Shared variables are variables that are shared across parallel Spark functions or tasks running on different nodes.
Spark supports two types of shared variables. Broadcast variables and Accumulators
Broadcast Variables - Broadcast variables are used to cache a value in memory on all nodes.
Accumulators - Accumulators are variables that are incremented, such as counters and sums.
map(func) - map() transformation returns a new distributed dataset from a source dataset formed by passing each element of the source through a function func.
filter() - filter() transformation returns a new distributed dataset from a source dataset formed by selecting the elements of the source on which func returns true.

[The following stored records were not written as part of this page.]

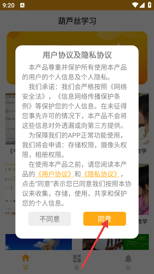 1、打开APP,在弹出的“用户协议及隐私协议”弹窗中,点击【同意】按钮。
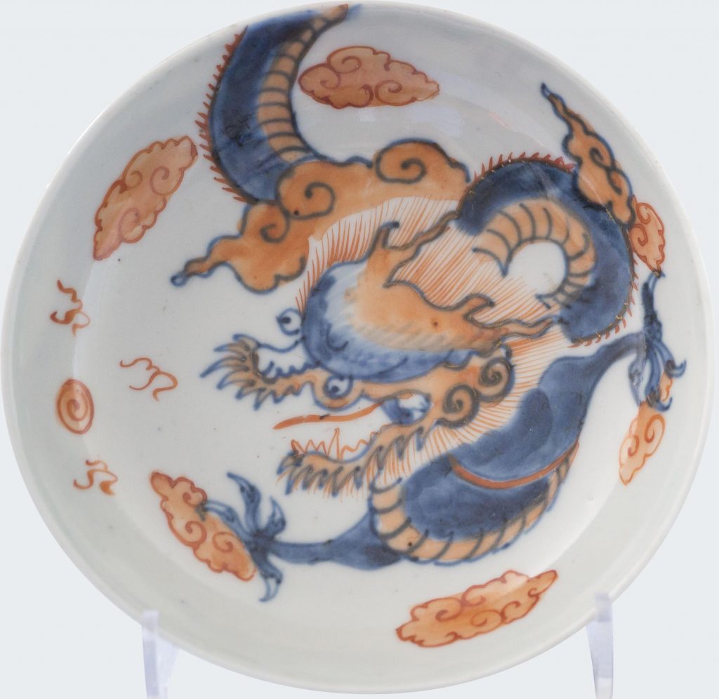 Tea bowl and saucer painted in iron red underglazed blue with the so called four-clawed dragon pattern, depicting a coiled beast pursuing a flaming pearl amongst clouds with its tail curling over the rim. This model was copied by the manufacture of Worcester.
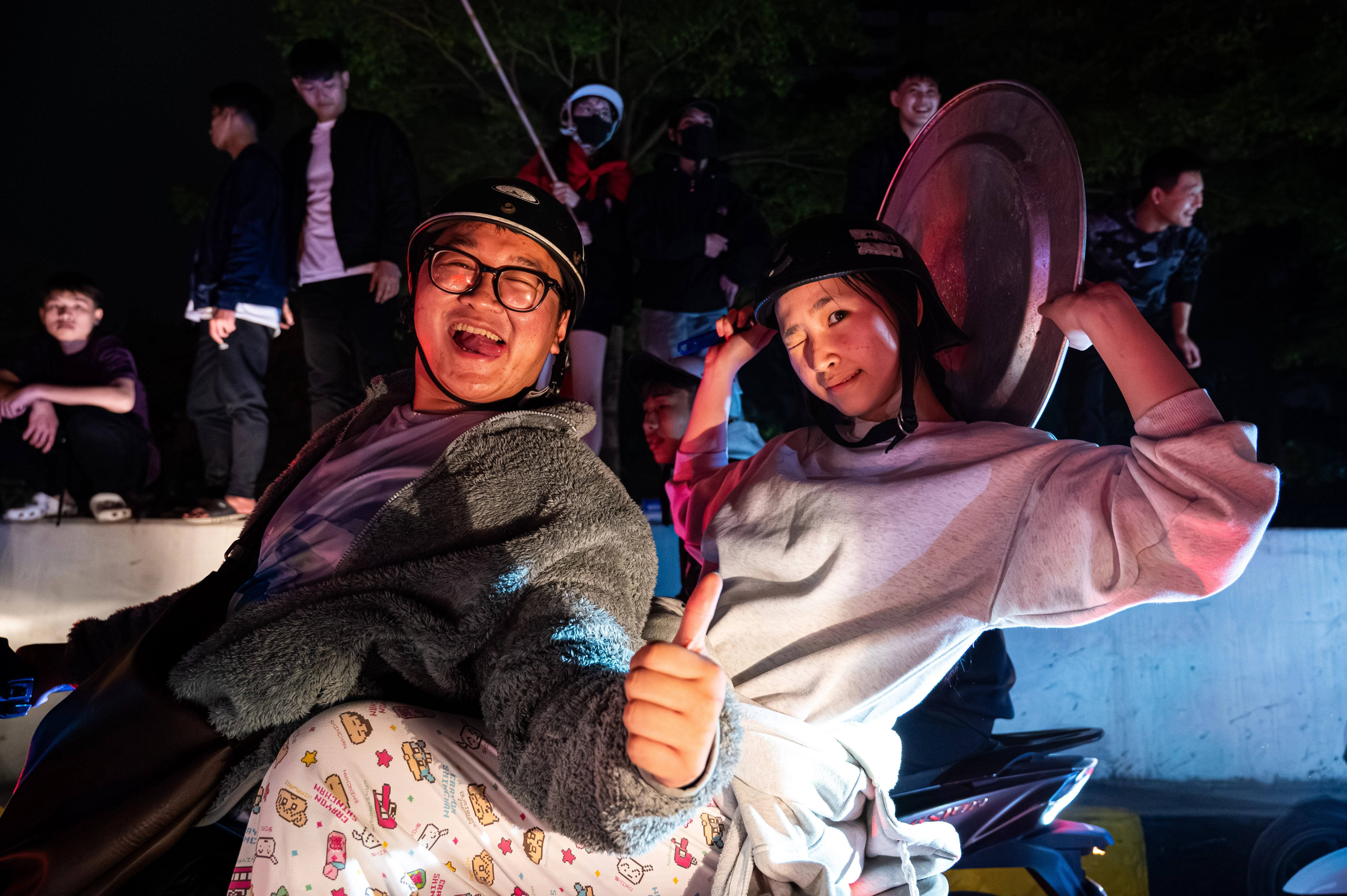 Các bạn trẻ mang nồi, xoong, cây để “đi bão”, khuấy động không khí.

flatMap() - flatMap() transformation is similar to map() function. In flatMap() each input item can be mapped to 0 or more output items.
union() - union() transformation returns a new dataset that contains the union of the elements in the source dataset and the dataset that is passed as argument to the function.
intersection() - intersection() transformation returns a new distributed dataset that contains the intersection of elements in the source dataset and the dataset that is passed as argument to the function.
distinct() - distinct() transformation returns a new distributed dataset that contains the distinct elements of the source dataset.
groupByKey() - groupByKey(func) transformation called on a dataset of (K, V) pairs and returns a dataset of (K, Iterable
reduceByKey(func) - reduceByKey(func) transformation is called on a dataset of (K, V) pairs, and returns a dataset of (K, V) pairs where the values for each key are aggregated using the given reduce function func.
aggregateByKey(func) - aggregateByKey() transformation is called on a dataset of (K, V) pairs, returns a dataset of (K, U) pairs where the values for each key are aggregated using the given combine functions and a neutral zero value.
sortByKey() - sortByKey() transformation is called on a dataset of (K, V) pairs which returns a dataset of (K, V) pairs sorted by keys in ascending or descending order, as specified in the boolean ascending argument.